The output is the line containing "Students at local government school class..." plus every later line down to the end of the listing below, copied exactly. No pictures belong in it.
# # #
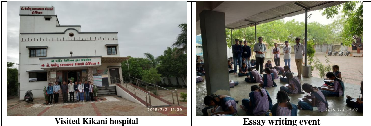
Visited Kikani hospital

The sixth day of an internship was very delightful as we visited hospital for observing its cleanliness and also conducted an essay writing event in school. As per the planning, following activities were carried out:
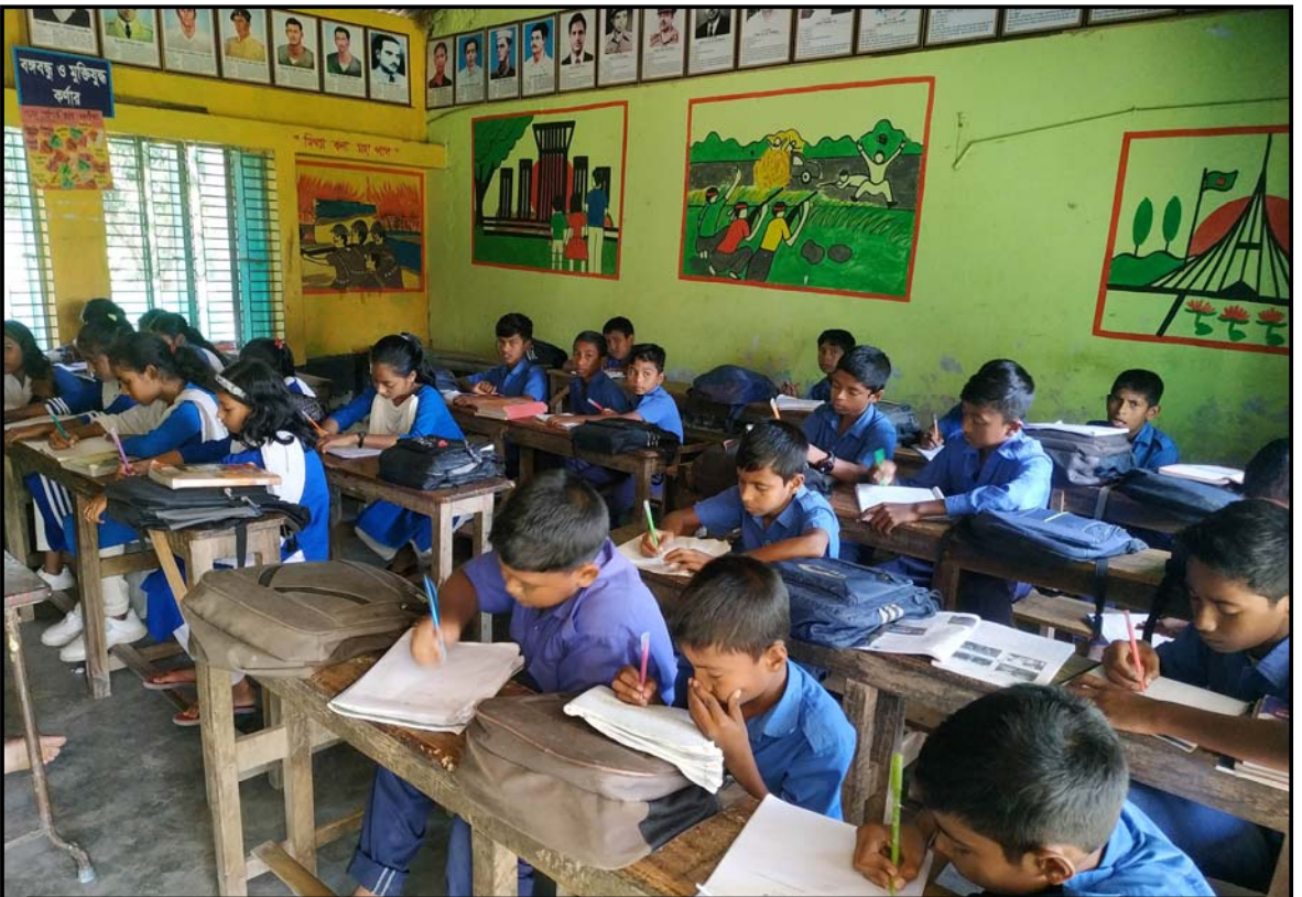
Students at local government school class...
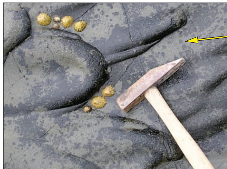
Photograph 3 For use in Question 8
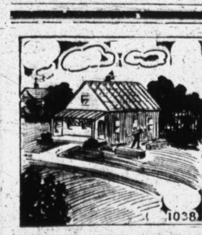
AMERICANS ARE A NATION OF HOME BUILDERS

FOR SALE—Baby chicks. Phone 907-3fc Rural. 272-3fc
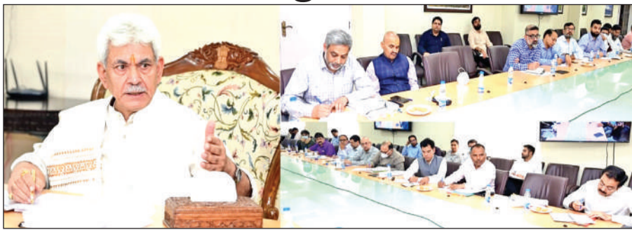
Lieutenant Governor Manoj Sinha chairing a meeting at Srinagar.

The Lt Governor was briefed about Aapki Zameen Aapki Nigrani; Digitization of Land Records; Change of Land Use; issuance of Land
# # #
Result of this exercise:
Students at local government school class...
Photograph 3 For use in Question 8
AMERICANS ARE A NATION OF HOME BUILDERS

FOR SALE—Baby chicks. Phone 907-3fc Rural. 272-3fc
Lieutenant Governor Manoj Sinha chairing a meeting at Srinagar.

The Lt Governor was briefed about Aapki Zameen Aapki Nigrani; Digitization of Land Records; Change of Land Use; issuance of Land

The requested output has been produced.